=== Problem details ===
Your job is to print, exactly, the lines in the data below from the line with "Shirts are 100%" through the line with "Im Bereich FORM-Layout", both included, and to omit any picture.

=== Exercise data ===
____

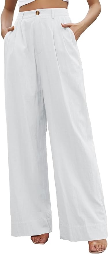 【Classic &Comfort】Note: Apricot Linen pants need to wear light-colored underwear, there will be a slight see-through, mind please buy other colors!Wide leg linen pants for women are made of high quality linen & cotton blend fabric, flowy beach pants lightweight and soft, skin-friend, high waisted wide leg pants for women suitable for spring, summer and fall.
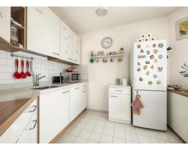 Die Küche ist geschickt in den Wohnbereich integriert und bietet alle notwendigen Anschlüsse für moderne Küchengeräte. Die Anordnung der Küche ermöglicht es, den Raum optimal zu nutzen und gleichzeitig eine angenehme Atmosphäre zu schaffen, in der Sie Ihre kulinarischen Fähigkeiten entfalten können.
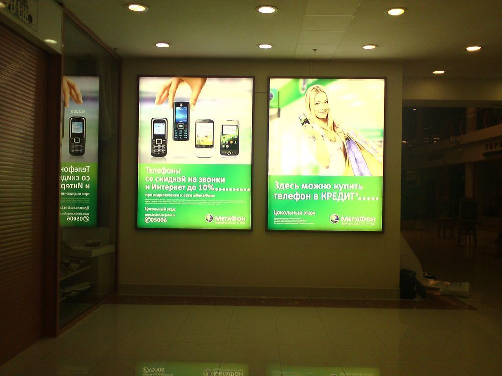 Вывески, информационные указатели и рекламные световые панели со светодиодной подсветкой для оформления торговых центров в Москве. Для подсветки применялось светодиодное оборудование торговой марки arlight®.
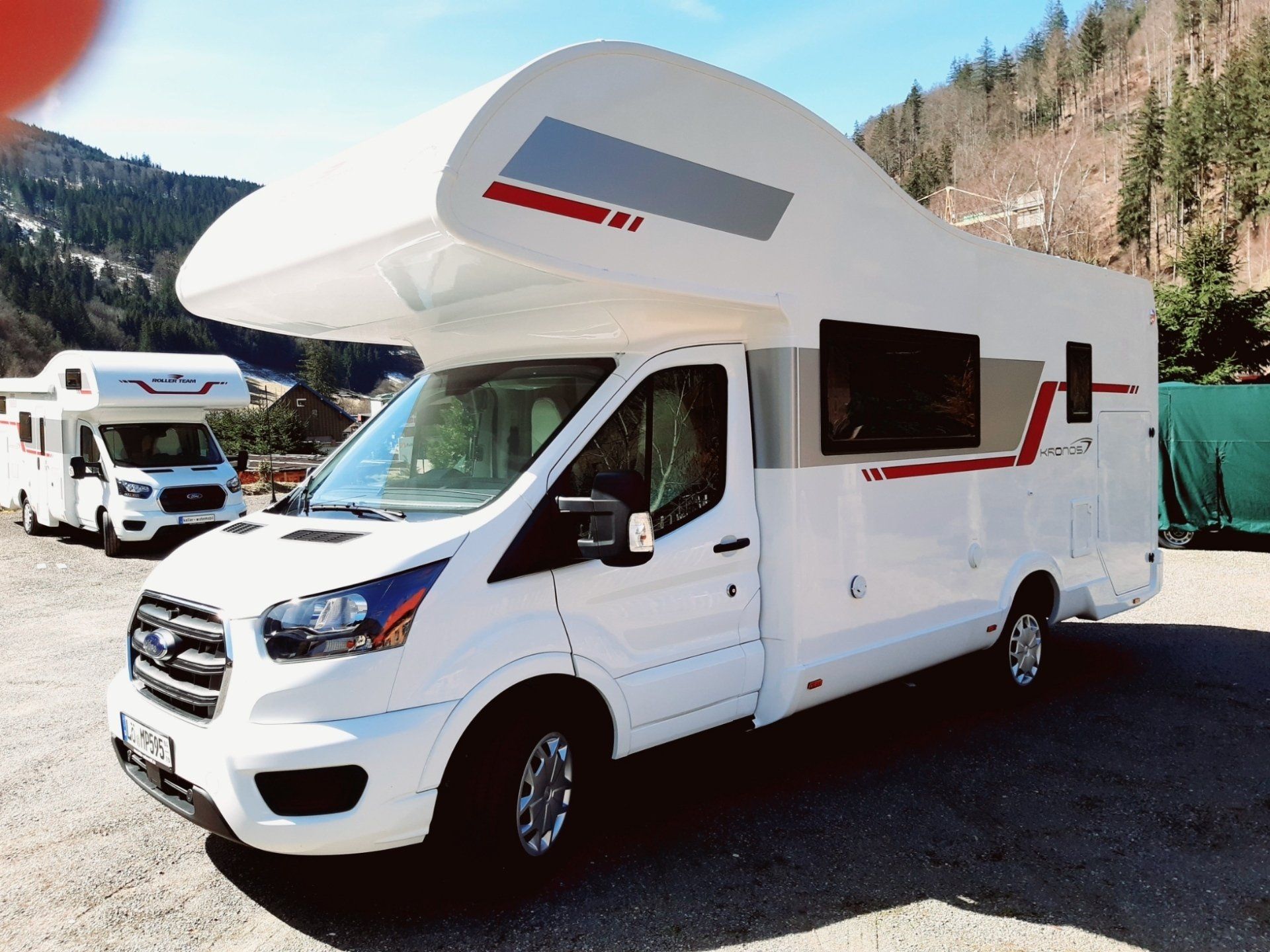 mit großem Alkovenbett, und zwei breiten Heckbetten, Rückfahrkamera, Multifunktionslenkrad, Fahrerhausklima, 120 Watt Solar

____

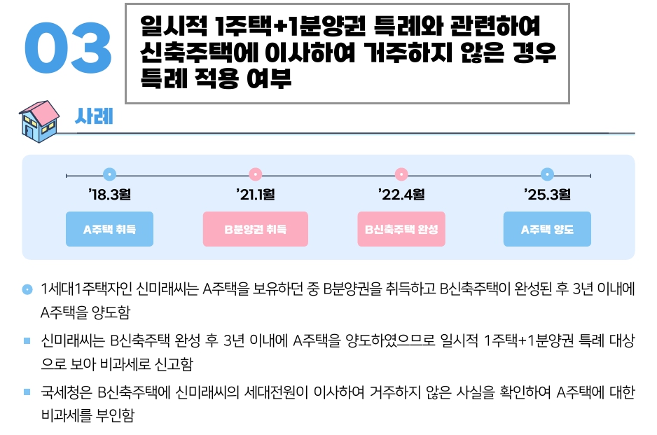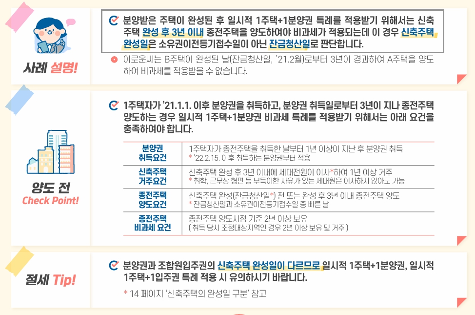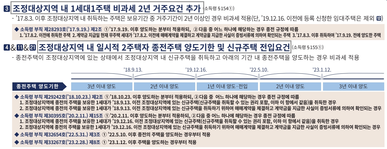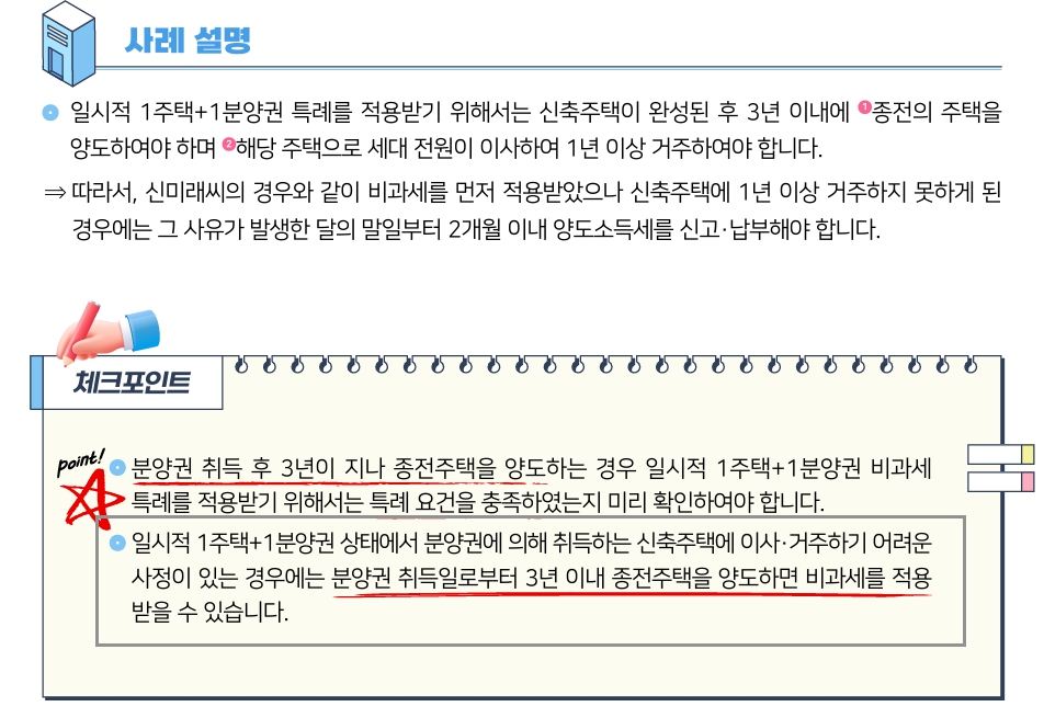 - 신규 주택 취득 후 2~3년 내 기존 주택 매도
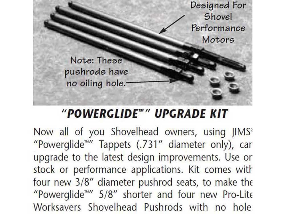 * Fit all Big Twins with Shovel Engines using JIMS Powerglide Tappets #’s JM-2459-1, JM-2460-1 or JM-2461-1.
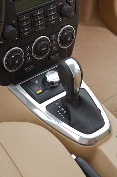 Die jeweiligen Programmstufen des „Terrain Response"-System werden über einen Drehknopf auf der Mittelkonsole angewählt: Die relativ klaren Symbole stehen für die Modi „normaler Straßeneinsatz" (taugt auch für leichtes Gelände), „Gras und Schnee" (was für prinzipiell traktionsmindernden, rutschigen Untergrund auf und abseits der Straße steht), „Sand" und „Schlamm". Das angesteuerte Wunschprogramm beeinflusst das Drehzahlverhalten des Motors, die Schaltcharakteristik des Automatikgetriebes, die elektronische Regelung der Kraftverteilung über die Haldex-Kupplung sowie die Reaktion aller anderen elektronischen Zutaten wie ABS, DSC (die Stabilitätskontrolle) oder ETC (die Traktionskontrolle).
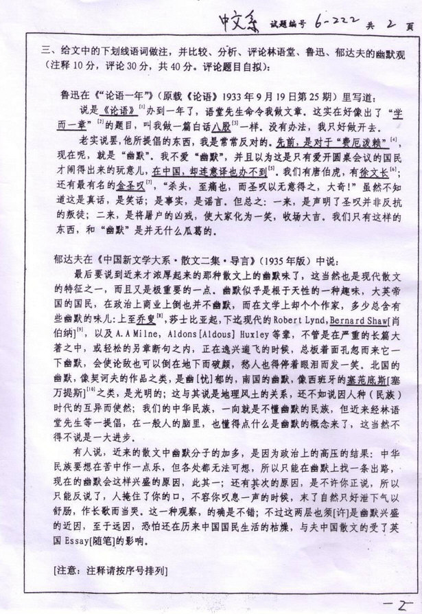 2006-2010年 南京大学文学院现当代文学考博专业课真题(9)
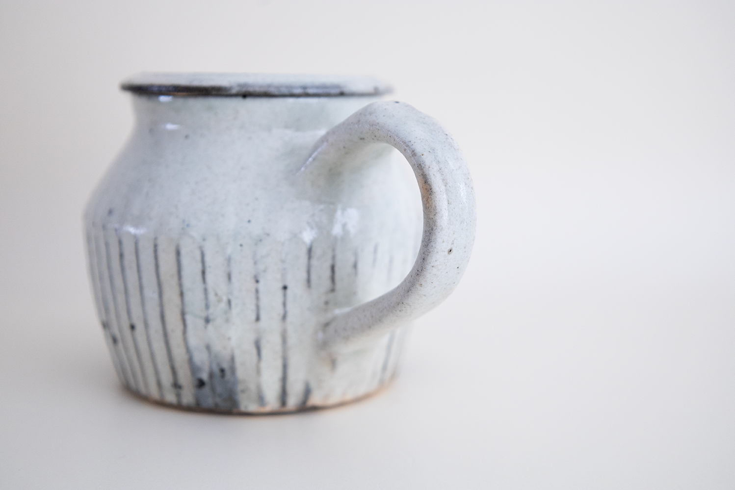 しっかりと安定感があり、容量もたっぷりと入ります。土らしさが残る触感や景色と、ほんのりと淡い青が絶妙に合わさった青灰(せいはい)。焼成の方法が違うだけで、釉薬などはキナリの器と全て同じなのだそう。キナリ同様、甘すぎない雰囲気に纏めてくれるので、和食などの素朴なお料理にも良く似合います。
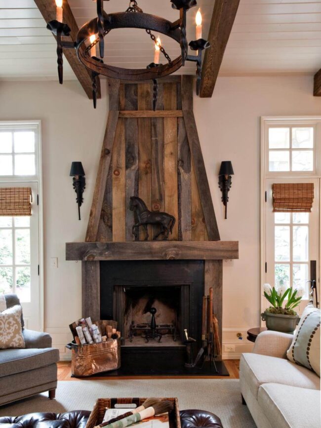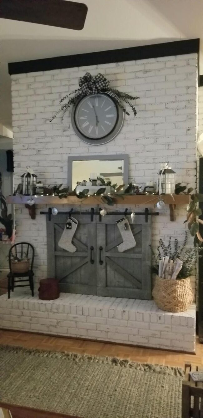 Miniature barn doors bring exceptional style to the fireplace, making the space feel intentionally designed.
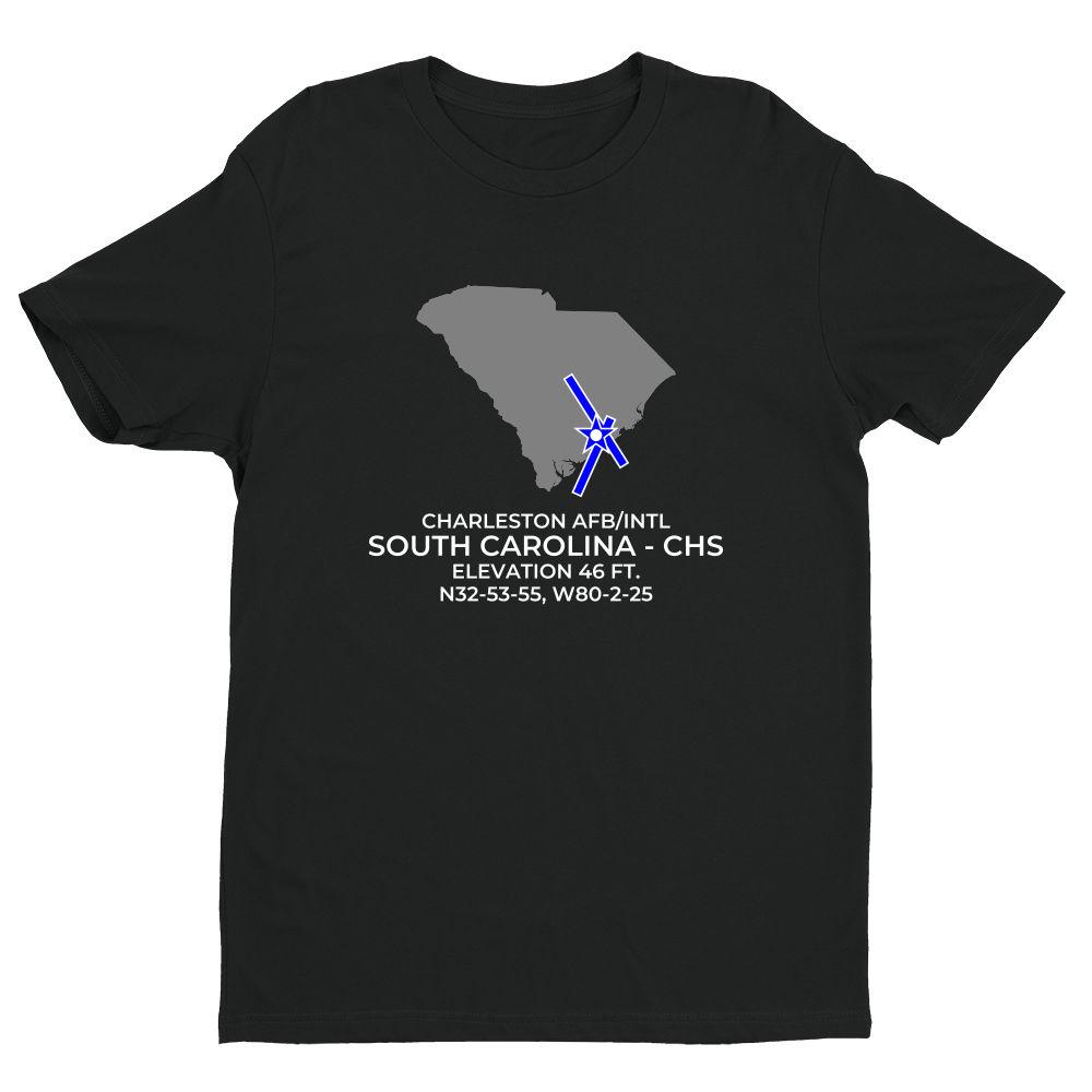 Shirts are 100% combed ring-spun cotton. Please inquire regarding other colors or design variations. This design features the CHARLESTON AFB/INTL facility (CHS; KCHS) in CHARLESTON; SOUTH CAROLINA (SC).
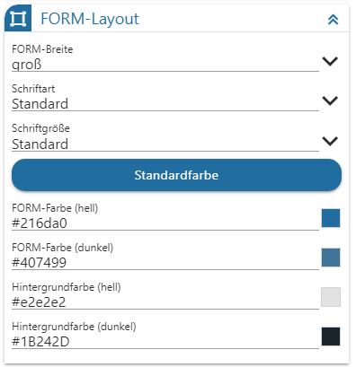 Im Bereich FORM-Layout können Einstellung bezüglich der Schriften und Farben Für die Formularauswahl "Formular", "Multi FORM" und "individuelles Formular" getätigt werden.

____

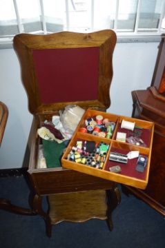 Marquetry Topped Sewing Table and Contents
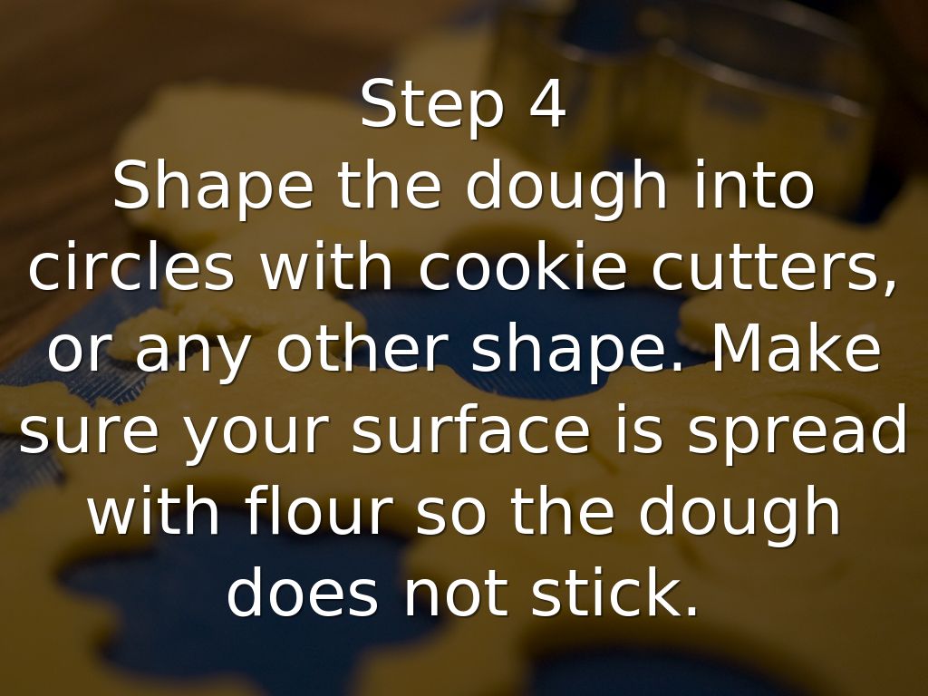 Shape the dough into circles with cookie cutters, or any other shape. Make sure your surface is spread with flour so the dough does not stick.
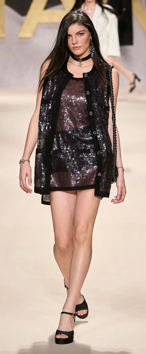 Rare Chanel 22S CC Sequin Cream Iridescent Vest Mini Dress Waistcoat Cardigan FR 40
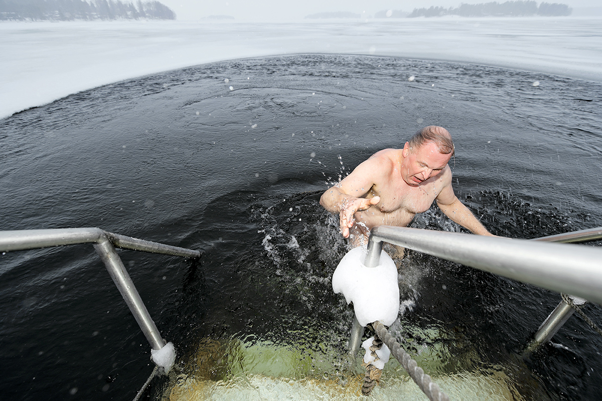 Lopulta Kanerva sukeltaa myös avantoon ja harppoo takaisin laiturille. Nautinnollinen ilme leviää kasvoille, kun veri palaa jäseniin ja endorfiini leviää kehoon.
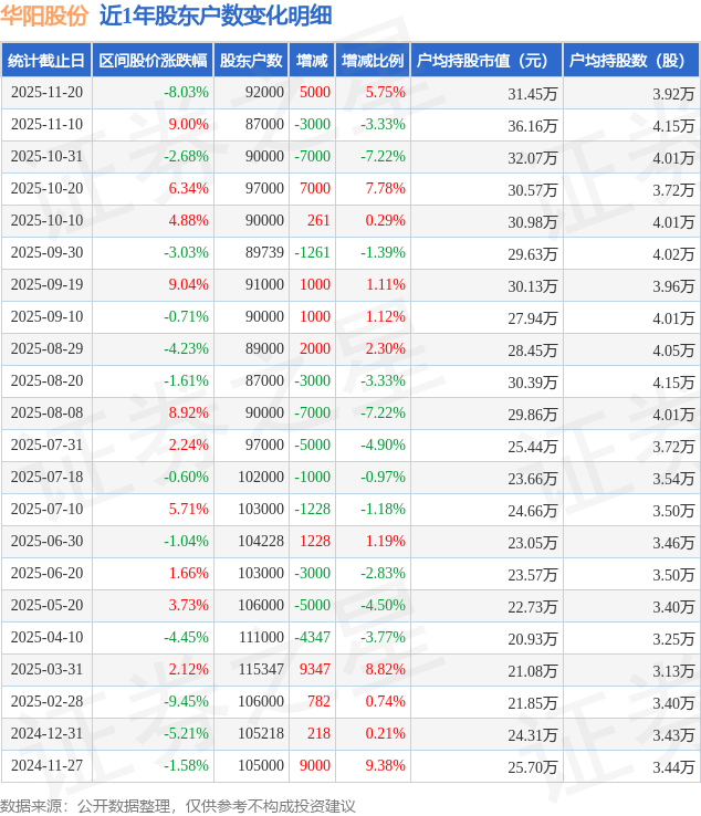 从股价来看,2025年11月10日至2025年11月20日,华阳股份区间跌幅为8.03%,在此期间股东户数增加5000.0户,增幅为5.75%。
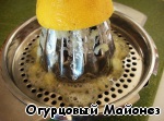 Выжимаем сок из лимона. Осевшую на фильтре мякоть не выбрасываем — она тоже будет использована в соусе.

____

=== Reply ===
 Shirts are 100% combed ring-spun cotton. Please inquire regarding other colors or design variations. This design features the CHARLESTON AFB/INTL facility (CHS; KCHS) in CHARLESTON; SOUTH CAROLINA (SC).
 Im Bereich FORM-Layout können Einstellung bezüglich der Schriften und Farben Für die Formularauswahl "Formular", "Multi FORM" und "individuelles Formular" getätigt werden.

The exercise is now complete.